Here are the resulting plots (which look nearly identical at this resolution):


Colormaps
Some MPAS-Tools routines include plots of mesh resolution and related variables.
We have found it handy to use the
SciVisColor Colormaps for some of these plots.
Unfortunately, there is not a standard python package for adding these
colormaps to matplotlib
(as is the case for
cmocean, for example). To add the
SciVisColor colormaps, call the function
mpas_tools.viz.colormaps.register_sci_viz_colormaps()
. No arguments
are required, as the XML files for defining the colormaps are included in the
package.
In this example, we use the 3Wbgy5
colormap:

Horizontal Transect Interpolation
The mpas_tools.viz.transect.horiz
module provides functions for
interpolating MPAS data onto a horizontal transect. This is useful for
visualizing data along a specific path on the horizontal plane of the
mesh.
The function
mpas_tools.viz.transect.mesh_to_triangles()
converts an MPAS
mesh to a triangle mesh by decomposing each cell into one triangle connecting
the cell center to each edge. The resulting triangle mesh can then be used
for visualization or for other spatial analysis tasks.
The function
mpas_tools.viz.transect.make_triangle_tree()
creates a triangle
tree for efficient point location. This function is used internally to
speed up the process of finding which triangle a given point lies within.

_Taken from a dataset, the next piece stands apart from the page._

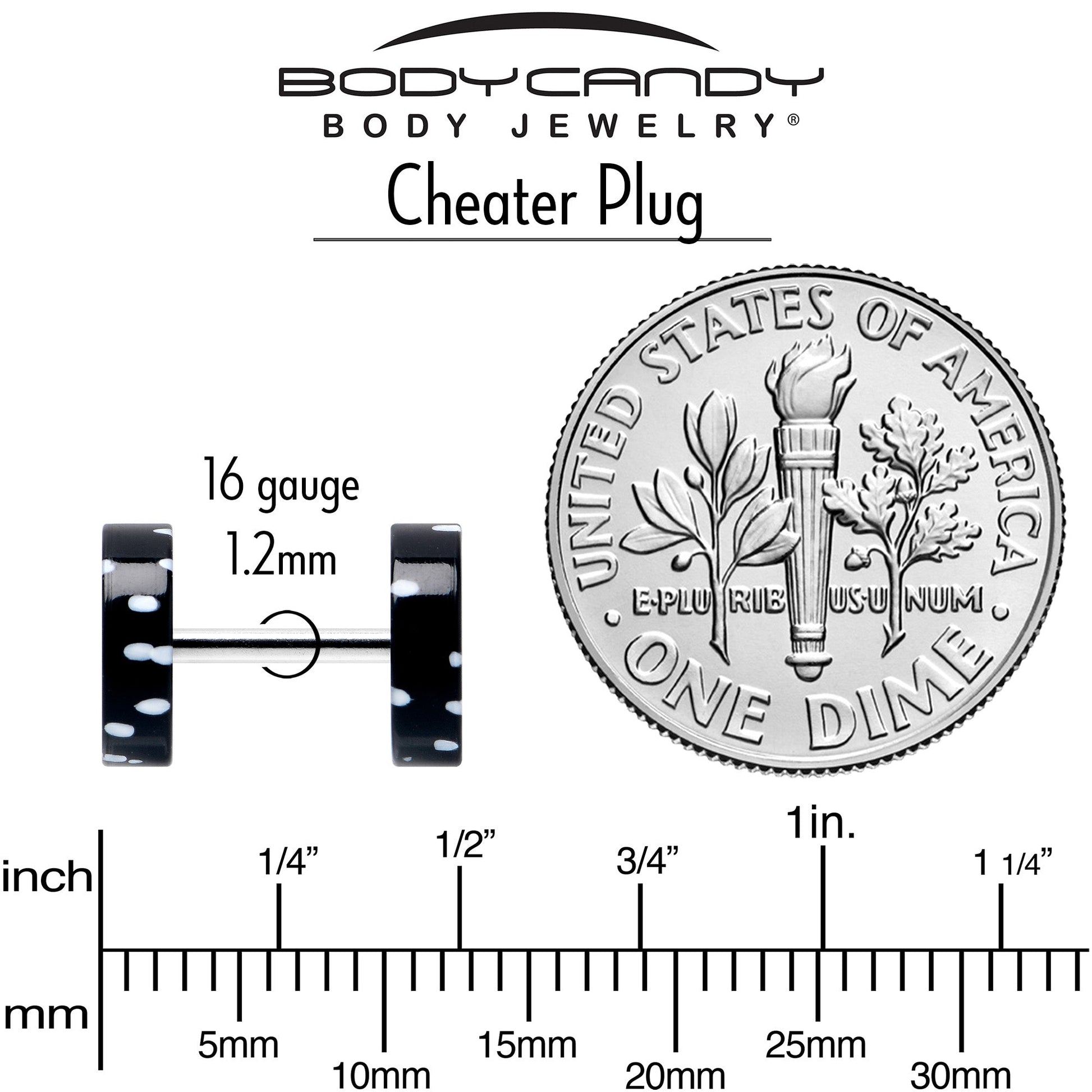 Get the look without the commitment with these trompe l'oeil cheater plugs! They're made with 16 gauge stainless steel posts to fit standard or slightly larger sized pierced ear lobes. The front and back feature 0 gauge round segments to give the look of plugs with no stretching required. The front and back portions are black and feature a white polka dot pattern that it totally pin-up perfect. Get the look without committing to stretched lobes with these uncomplicated cheater plugs. Sold as a set of two.Specifications

It constructs a data structure that allows for fast spatial queries,
making it more efficient to determine the location of points relative to
the mesh. This is especially useful for high-resolution meshes or when
performing a large number of point location operations.
The function
mpas_tools.viz.transect.find_planar_transect_cells_and_weights()

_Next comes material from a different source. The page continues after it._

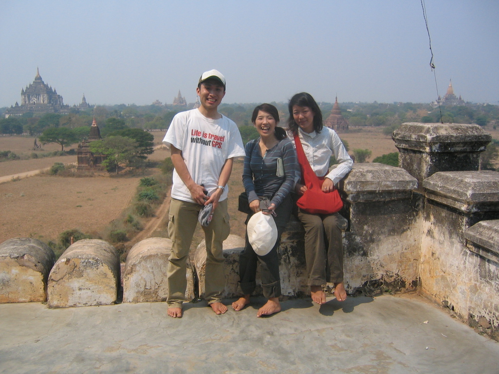 とりあえずシュエサンドーパヤーにのぼってみたら、日本人女性が2人いた。

finds the cells that intersect a planar transect and the weights for
interpolating data from cell centers to the transect nodes. The function
takes the MPAS mesh as an xarray.Dataset
object and the start and end
points of the transect as Cartesian coordinates. The function
returns the cell indices and weights for interpolating data from cell
centers to the transect nodes, the indices of the cells that intersect
the transect, and the Cartesian coordinates of the transect nodes. This
is a key step in creating transect plots of MPAS data.
The function
mpas_tools.viz.transect.find_spherical_transect_cells_and_weights()

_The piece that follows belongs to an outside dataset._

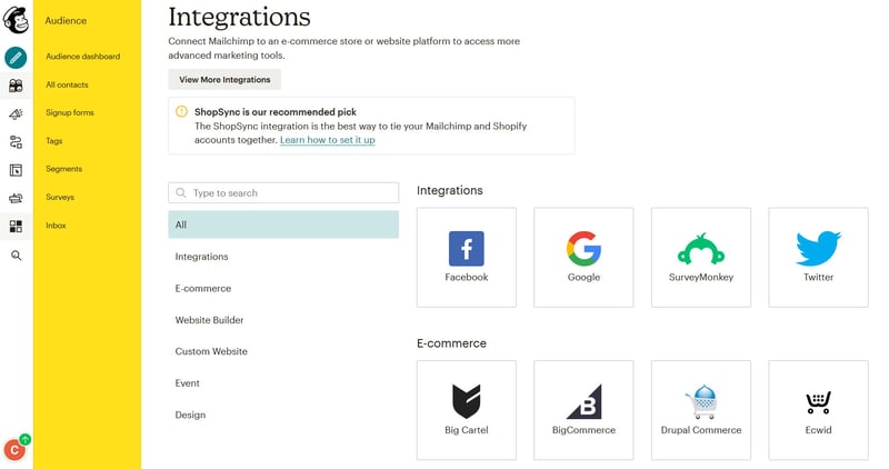 Falls Sie Mailchimp für transaktionale E-Mails nutzen möchten, die an Ereignisse in Ihrem Online-Shop oder auf Ihrem Blog gekoppelt sind, empfehlen wir, diese Schnittstelle zuerst einzurichten. Dies ist dank zahlreicher Plug-ins mit Diensten wie WordPress, WooCommerce, Shopify, Drupal, Facebook oder Magento problemlos möglich.

does the same for a transect on the sphere. It
identifies the cells intersected by a great circle path defined by
longitude and latitude coordinates. Like its planar counterpart, it
returns cell indices, interpolation weights, intersected cell indices,
and transect node coordinates, but all calculations are performed on the
sphere.
The function
mpas_tools.viz.transect.interp_mpas_horiz_to_transect_nodes()
interpolates MPAS data to transect nodes. This function takes the MPAS
data field and the transect node information (cell indices and weights)
generated by either the planar or spherical transect finding functions.
It then performs a weighted average of the data values at the cell
centers to estimate the data values at the transect nodes. The result is
a 1D array of interpolated data values along the transect.